Over the next decade, $1 trillion could leave actively managed funds, a lethal amount for hundreds of firms.
Actively managed funds accounted for about 63% of U.S. open-end and exchange-traded-fund assets on March 31. Only three years ago, it was around 72%. Given structural shifts in the market, it’s reasonable to suppose that passive will take another 10 percentage points of market share in the next decade or so.
What does that translate to in dollar terms? Passive funds, including strategic-beta ETFs, recently held around $6 trillion of $16 trillion in U.S. fund assets. Given a semiconservative 4% annual growth rate on the U.S. fund industry for the next decade, passive assets would vault to around $11 trillion by 2027. Depending on assumptions for sources of future growth (market appreciation or flows), that would imply at least $1 trillion in outflows from active. To put that in perspective, active funds managed to rake in around $600 billion in assets over the decade ended March 31.
Would the industry be prepared for a sharp reversal? It does not appear so. As of March 31, there were 760 fund families that offered at least one active fund. The top 10 families accounted for 53% of the market, the bottom 500 a mere 0.9%. More than 500 families managed less than $1 billion, and around 300 managed under $100 million. In other words, the active-fund business is highly fragmented. Many subscale players will have to merge or shut their doors.

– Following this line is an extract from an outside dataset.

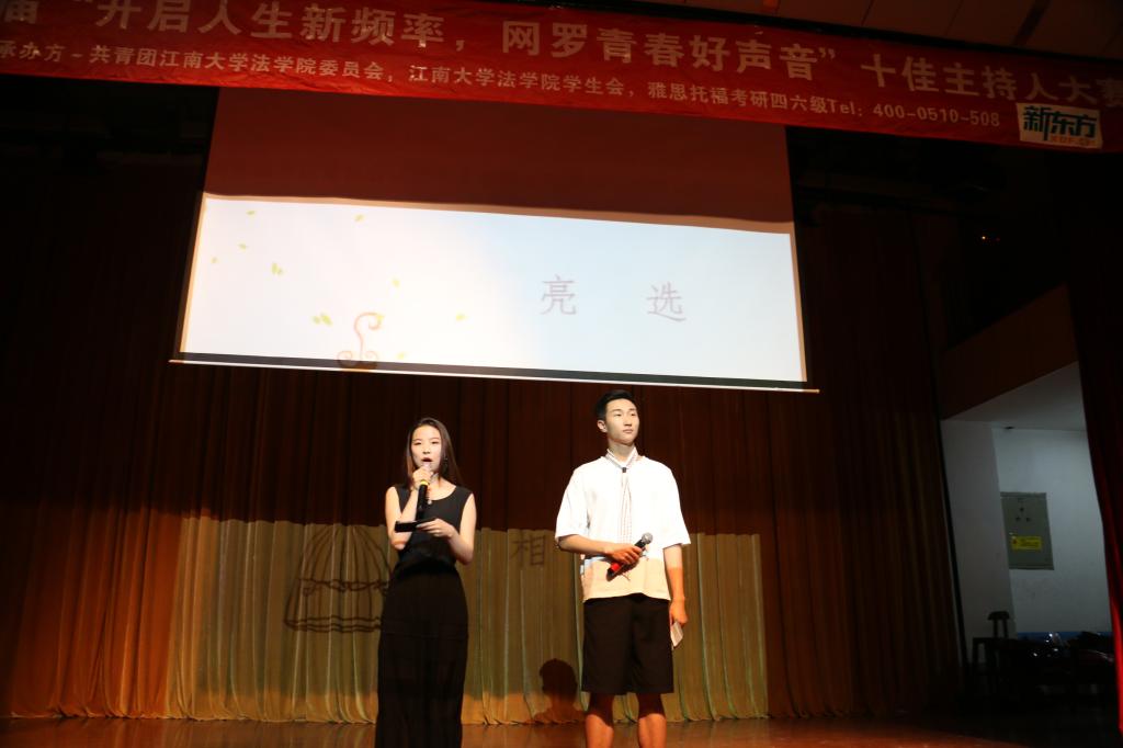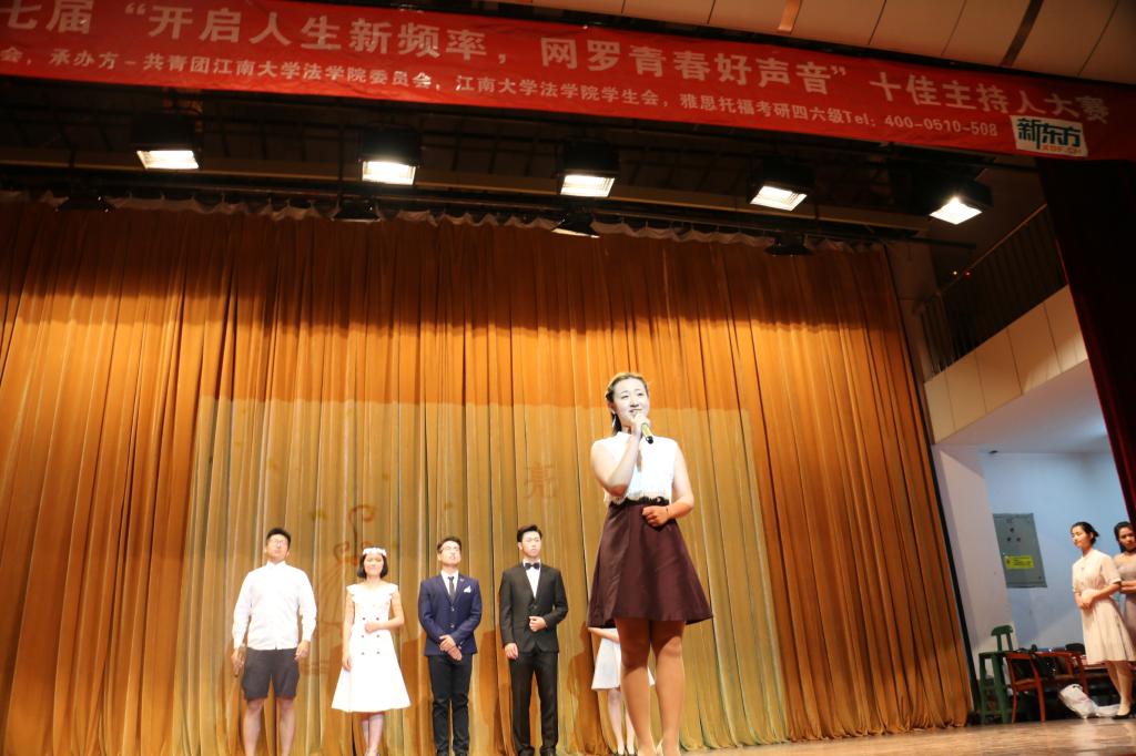 5月17日晚六点半,由法学院承办的“江南大学第十七届十佳主持人决赛”在南区大学生活动中心顺利举行。无锡电视台原新闻播音员主持人陈星、无锡新东方学校教学管理部总监夏云辉、无锡电视台电视中心融媒体管理部主任张挺、人文学院中文系副教授高侠、江南大学首席女主播任小媛、校团委宣传部部长沈丹、法学院分团委书记胡博、辅导员夏京璟担任评委。

There has always been a life/death cycle in the active-fund business, reflecting the industry’s attractive high-growth trajectory, potentially lucrative payoffs, easy entry, and the attending high failure rate (easier entry makes for less fear of failure and, thus, more failure). But a few factors are likely to make this phase quite different and more lethal to vulnerable firms:
> The shift toward automation
> The pressure on distributors
> The preference for low cost
> Unbundling (alpha from beta; strategic-beta/ factors from alpha)
Previously, the industry was largely unaffected by big technological and regulatory shifts. Fund companies had to adapt as business moved toward the web, but it didn’t fundamentally transform the way investment-management services were packaged and delivered to investors.
However, the move toward passives, including strategic beta and factor investing, mechanizes investing, while innovations such as target-date funds automate tasks such as rebalancing. This does change the nature of investment management itself and, in turn, how value is perceived. Most notably, it exerts strong downward pressure on fees.
It’s not just automation that’s seen to this. So, too, have dramatic changes in the way advice is rendered and priced. The opening up of platforms, increasing prevalence of fiduciary standards, and accompanying move from commission to fee-based business models have had a profound impact on advisors’ preferences.